* Directions for this task: For the records below, output word for word the lines from the one with "Choose the Multi" up to and including the one with "RTX9070XT搭載モデル限定クーポン【30,000円OFF】". No pictures.

* Source material:
□ □ □ □ □

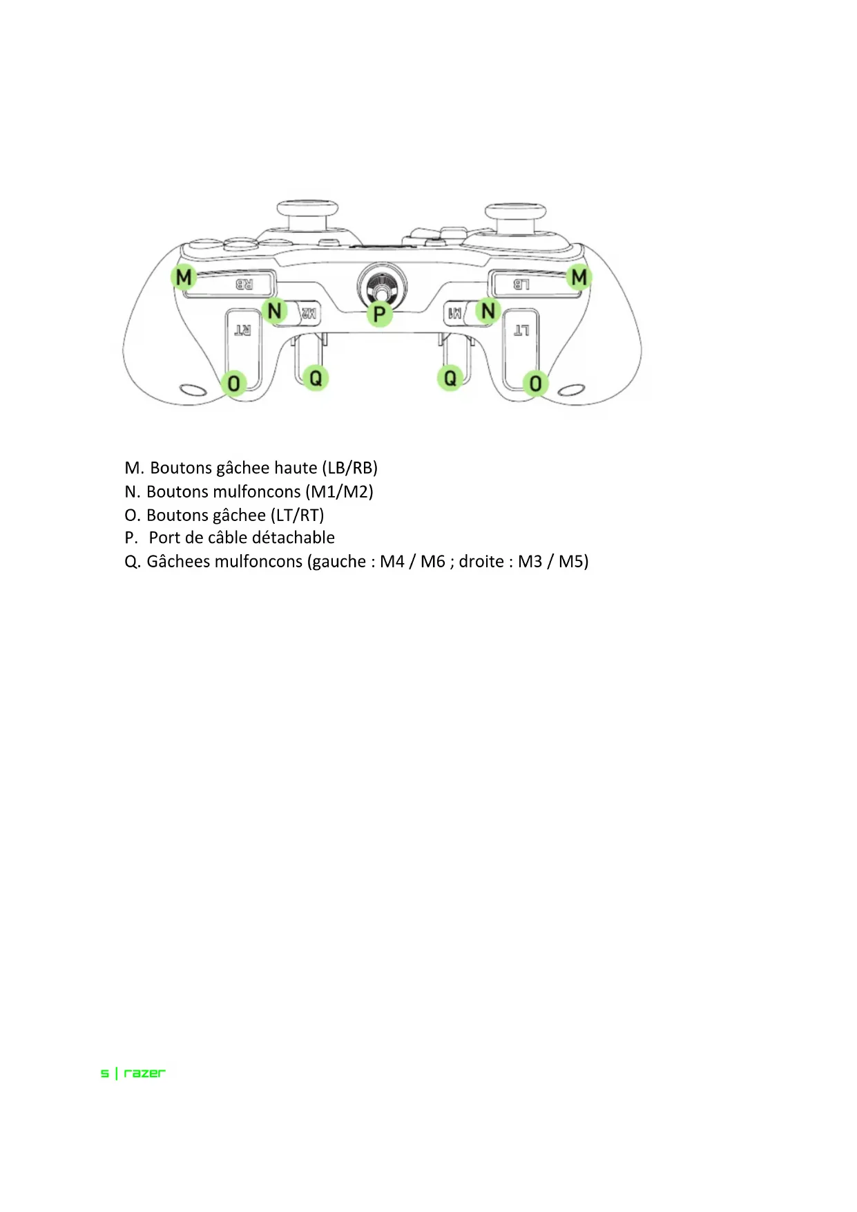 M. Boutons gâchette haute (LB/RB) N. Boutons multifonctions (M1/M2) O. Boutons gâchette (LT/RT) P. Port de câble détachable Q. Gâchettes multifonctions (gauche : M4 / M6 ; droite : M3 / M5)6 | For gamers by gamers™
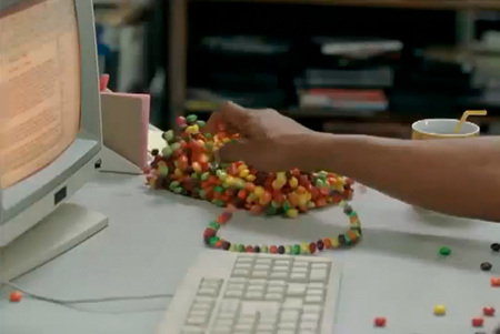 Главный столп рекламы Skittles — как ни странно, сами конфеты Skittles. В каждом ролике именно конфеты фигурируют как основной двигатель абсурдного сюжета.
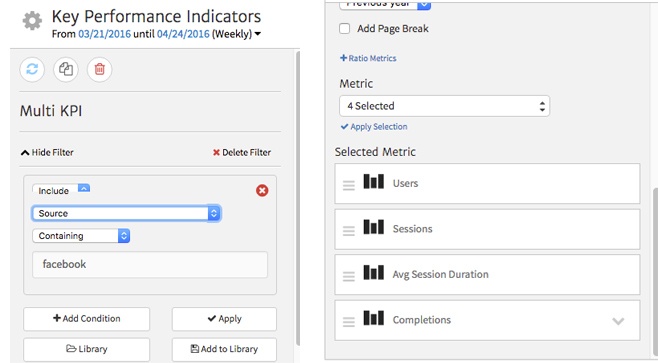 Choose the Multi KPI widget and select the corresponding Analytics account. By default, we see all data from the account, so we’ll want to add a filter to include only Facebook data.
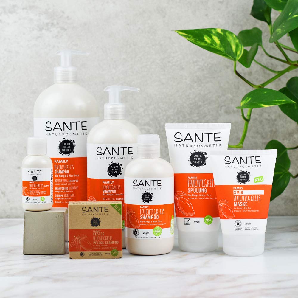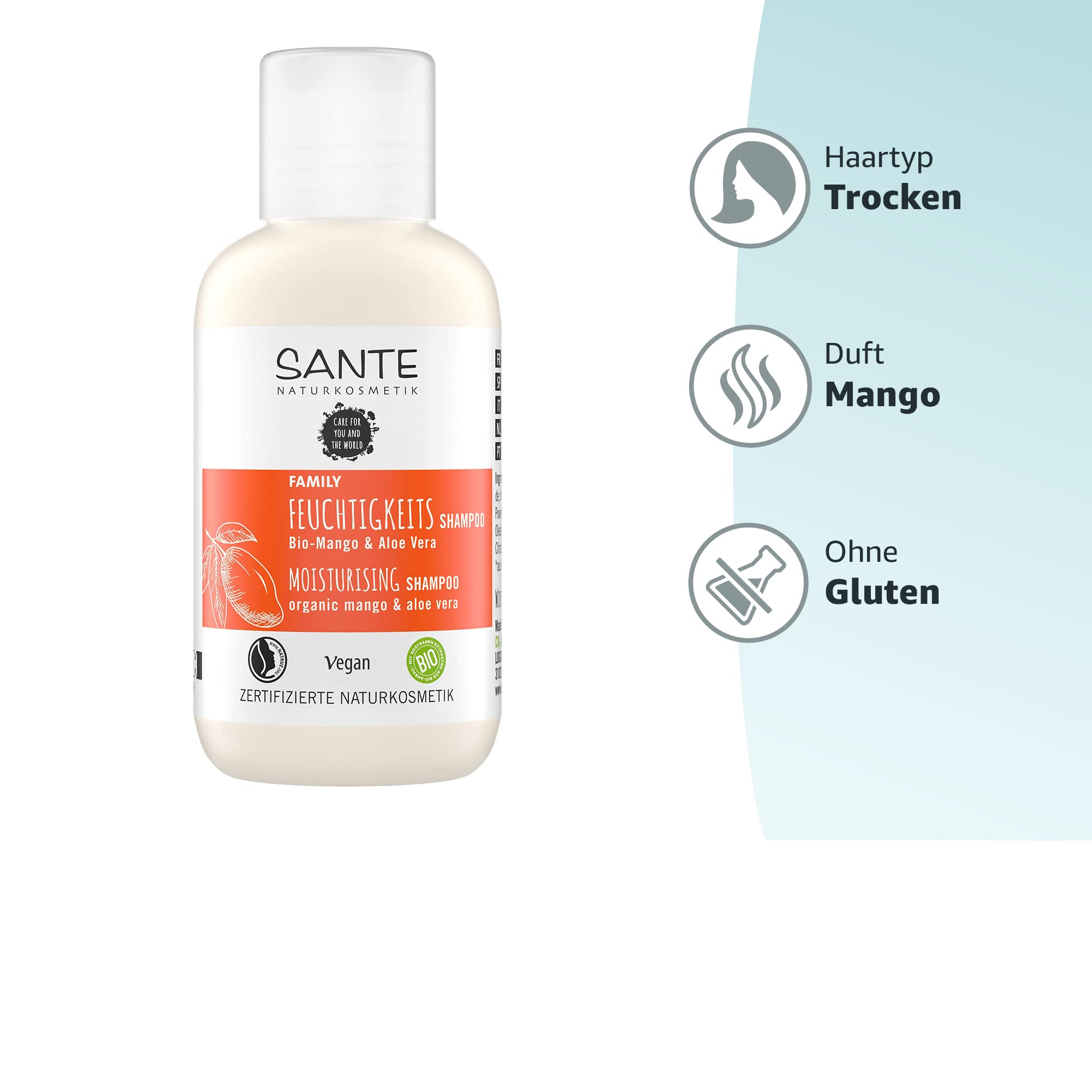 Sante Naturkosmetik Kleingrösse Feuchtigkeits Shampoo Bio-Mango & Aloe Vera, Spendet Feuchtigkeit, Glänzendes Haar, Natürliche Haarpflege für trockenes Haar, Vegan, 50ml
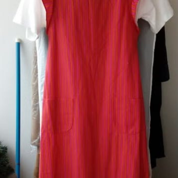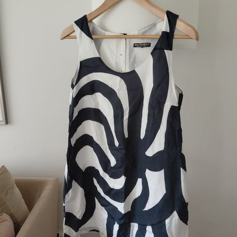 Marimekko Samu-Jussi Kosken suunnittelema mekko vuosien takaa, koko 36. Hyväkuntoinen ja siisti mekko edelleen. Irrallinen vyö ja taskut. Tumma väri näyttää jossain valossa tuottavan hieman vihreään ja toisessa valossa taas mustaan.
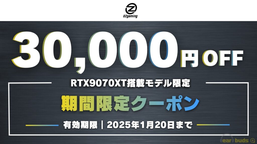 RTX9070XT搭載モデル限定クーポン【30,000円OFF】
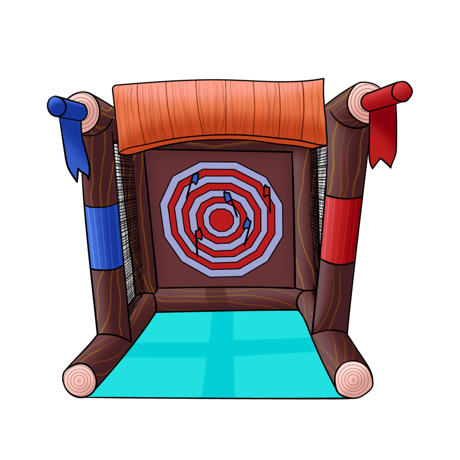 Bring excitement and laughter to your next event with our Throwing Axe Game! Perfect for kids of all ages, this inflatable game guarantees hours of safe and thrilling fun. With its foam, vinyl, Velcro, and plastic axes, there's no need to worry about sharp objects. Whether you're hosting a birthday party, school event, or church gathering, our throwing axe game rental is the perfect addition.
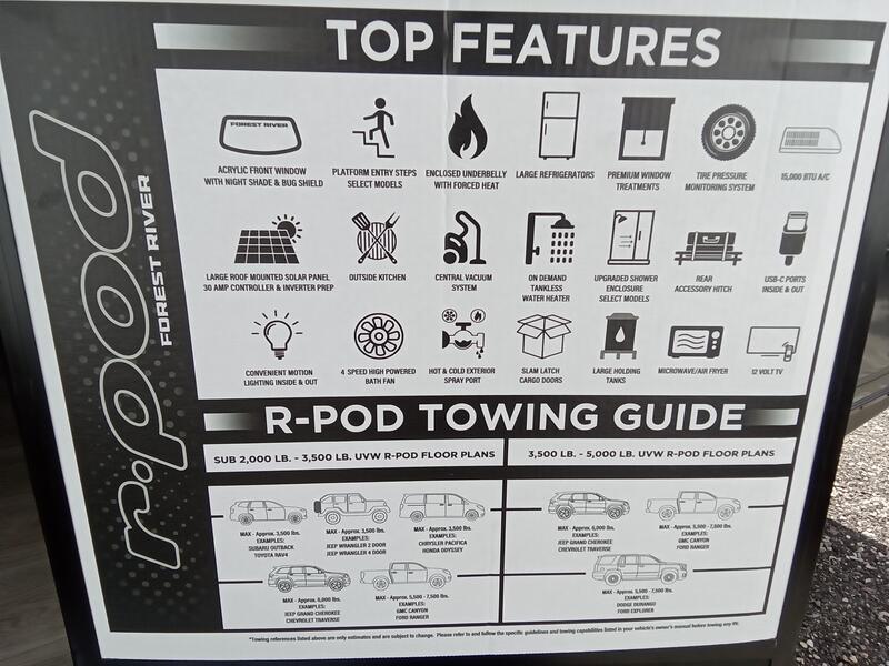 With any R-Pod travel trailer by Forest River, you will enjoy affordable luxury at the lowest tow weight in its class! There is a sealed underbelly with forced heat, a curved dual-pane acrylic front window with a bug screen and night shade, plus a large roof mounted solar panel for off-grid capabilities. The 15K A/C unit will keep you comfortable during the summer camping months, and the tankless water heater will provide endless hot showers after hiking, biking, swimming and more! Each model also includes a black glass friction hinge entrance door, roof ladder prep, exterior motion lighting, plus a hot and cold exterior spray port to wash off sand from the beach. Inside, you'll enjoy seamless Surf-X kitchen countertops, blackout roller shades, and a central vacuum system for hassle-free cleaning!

□ □ □ □ □

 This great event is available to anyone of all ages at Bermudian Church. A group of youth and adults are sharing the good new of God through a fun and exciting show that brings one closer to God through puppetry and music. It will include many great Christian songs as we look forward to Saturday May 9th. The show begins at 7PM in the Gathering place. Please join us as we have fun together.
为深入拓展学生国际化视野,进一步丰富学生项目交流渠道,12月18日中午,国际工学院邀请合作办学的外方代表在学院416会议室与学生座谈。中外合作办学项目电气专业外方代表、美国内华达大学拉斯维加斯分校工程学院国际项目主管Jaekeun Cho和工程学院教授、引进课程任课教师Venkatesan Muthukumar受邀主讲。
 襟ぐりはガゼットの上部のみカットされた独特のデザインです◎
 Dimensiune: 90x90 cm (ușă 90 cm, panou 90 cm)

□ □ □ □ □

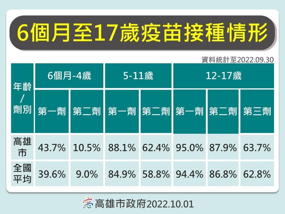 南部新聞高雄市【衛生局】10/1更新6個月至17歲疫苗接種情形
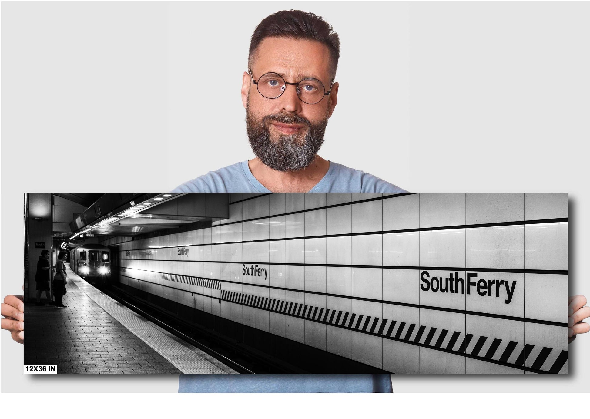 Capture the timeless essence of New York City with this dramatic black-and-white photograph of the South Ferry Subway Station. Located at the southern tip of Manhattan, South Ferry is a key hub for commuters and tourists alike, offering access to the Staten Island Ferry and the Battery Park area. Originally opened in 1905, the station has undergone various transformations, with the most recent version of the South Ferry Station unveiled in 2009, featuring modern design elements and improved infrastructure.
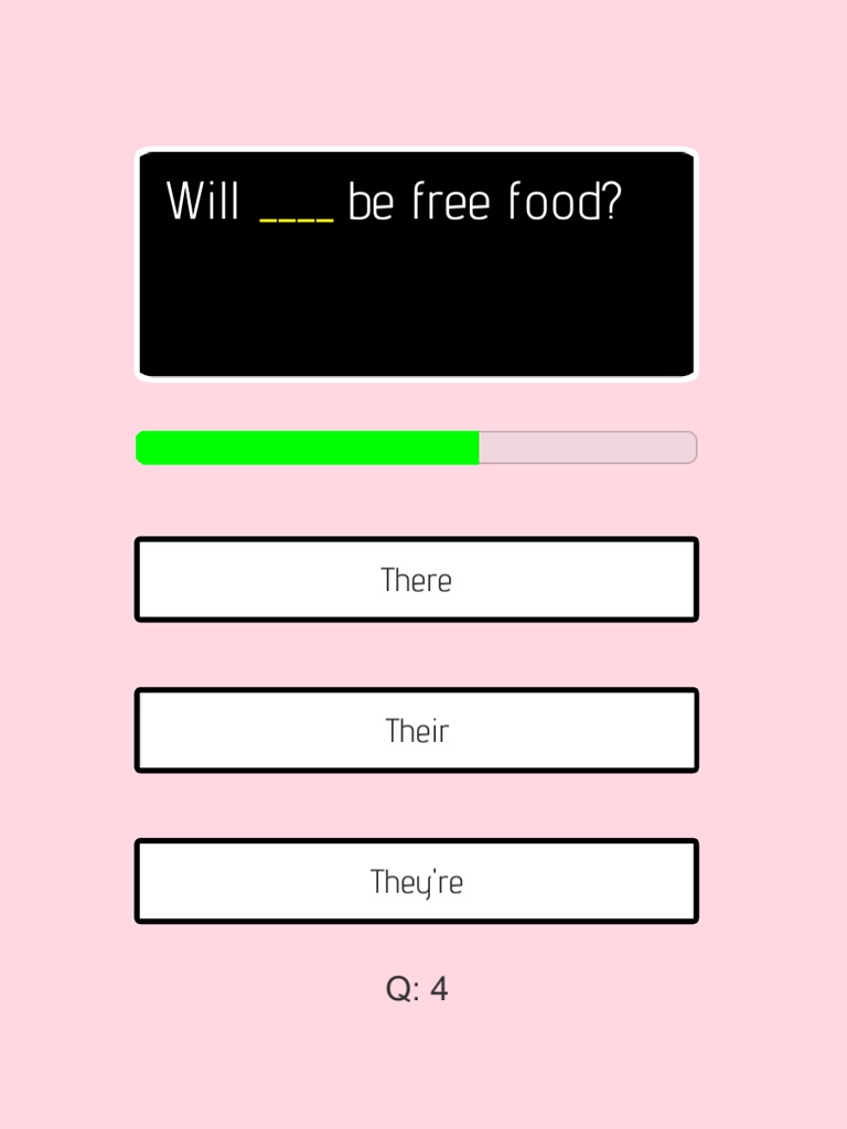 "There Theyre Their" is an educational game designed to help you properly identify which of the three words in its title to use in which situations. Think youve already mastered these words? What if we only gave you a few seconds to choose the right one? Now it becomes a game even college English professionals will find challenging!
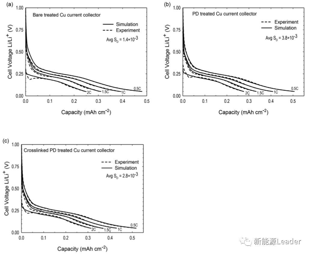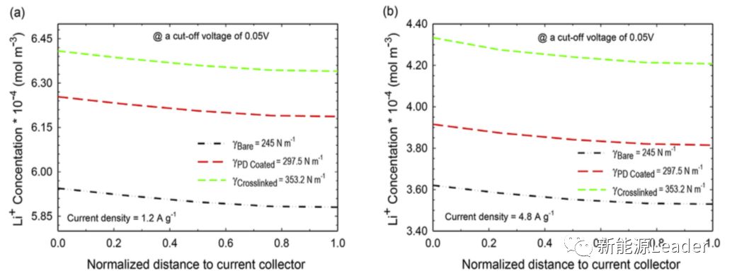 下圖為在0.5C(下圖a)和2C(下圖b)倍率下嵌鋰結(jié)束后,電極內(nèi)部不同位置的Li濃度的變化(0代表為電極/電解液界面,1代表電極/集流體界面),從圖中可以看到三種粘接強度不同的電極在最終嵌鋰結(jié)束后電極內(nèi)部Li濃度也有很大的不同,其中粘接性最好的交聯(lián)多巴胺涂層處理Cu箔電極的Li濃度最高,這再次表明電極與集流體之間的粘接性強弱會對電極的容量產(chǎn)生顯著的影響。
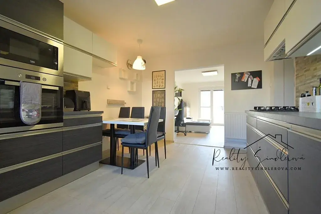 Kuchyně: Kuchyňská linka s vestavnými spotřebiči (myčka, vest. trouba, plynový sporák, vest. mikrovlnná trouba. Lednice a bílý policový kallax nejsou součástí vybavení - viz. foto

□ □ □ □ □

* Finished exercise:
 Choose the Multi KPI widget and select the corresponding Analytics account. By default, we see all data from the account, so we’ll want to add a filter to include only Facebook data.
 Sante Naturkosmetik Kleingrösse Feuchtigkeits Shampoo Bio-Mango & Aloe Vera, Spendet Feuchtigkeit, Glänzendes Haar, Natürliche Haarpflege für trockenes Haar, Vegan, 50ml
 Marimekko Samu-Jussi Kosken suunnittelema mekko vuosien takaa, koko 36. Hyväkuntoinen ja siisti mekko edelleen. Irrallinen vyö ja taskut. Tumma väri näyttää jossain valossa tuottavan hieman vihreään ja toisessa valossa taas mustaan.
 RTX9070XT搭載モデル限定クーポン【30,000円OFF】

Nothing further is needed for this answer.